If $c\gtrsim\Omega,$ then the integral $(3)$ can be presented as $1D$ series, using the series expansion for sine expression in the form of $$\sin(\Omega\sqrt{x^2+2x}) = \sqrt{\dfrac x2}\Omega\left(2 + \dfrac{3-4\Omega^2}6 x + \dfrac{16 \Omega^4 - 120 \Omega^2 - 15}{240} x^2 + \dfrac{-64\Omega^6 + 1680\Omega^4 - 1260\Omega^2 + 315}{20160} x^3 + \dfrac{256\Omega^8 - 16128\Omega^6 + 90720\Omega^4 + 15120\Omega^2 - 14175}{2903040} x^4 + \dfrac{-1024\Omega^{10} + 126720\Omega^8 - 2217600\Omega^6 + 1663200\Omega^4 - 623700\Omega^2 + 1091475}{638668800}x^5 + \dots\right). $$ (the asymptotic form of $$\sin(\Omega\sqrt{x^2+2x}) = \Omega{\cos((x+1)\Omega)\left(-\dfrac1{2x} + \dfrac 1{2x^2} + \dfrac{\Omega^2-30}{48x^3} - \dfrac{\Omega^2 - 14}{16x^4} - \dfrac{\Omega^4 - 540 \Omega^2 + 5040}{3840x^5} + \dfrac{\Omega^4 - 220 \Omega^2 + 1584}{768x^6} + \dots\right)} + {\sin((x+1)\Omega)\left(1 - \dfrac{\Omega^2}{8x^2} + \dfrac{\Omega^2}{4x^3} + \dfrac{\Omega^2(\Omega^2-168)}{384 x^4} - \dfrac{\Omega^2(\Omega^2-72)}{96 x^5} - \dfrac{\Omega^2(\Omega^4 - 1320 \Omega^2 + 59400)}{46080 x^6} + \dfrac{\Omega^2(\Omega^4 - 520 \Omega^2 + 17160)}{7680 x^7} + \dots\right)} $$ is not so usable)

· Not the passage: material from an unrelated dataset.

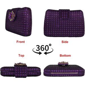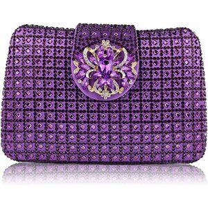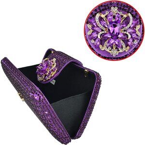 Women's Purple Sparkly Rhinestone Unique Evening Floral Clutch Shoulder Handbag
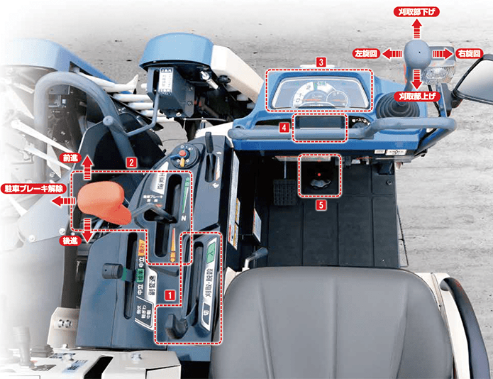 レバー1本で刈取作業の準備が完了する「刈取スタートレバー」や、前進・後進・停止が簡単に操作できる「イージーシフト」など、誰にでも扱いやすい操作系統を採用しています。枕地での掻き込みはブレーキペダルを踏み込み、HSTレバーを倒すだけで簡単に行えます。また運転席に座ったままでナローガイドの張出・収納ができる「リモコン分草杆」により、変形田での作業も機体を蛇行させることなくスムーズに行えます。 - 高い適応性と作業効率

and the integral $$\int\limits_0^\infty x^d e^{-cx^2}\,\mathrm dx = \dfrac{\Gamma\left(\frac{d+1}2\right)}{2c^{\frac{d+1}2}}.$$ Length of the series can be selected, using the numeric experiments.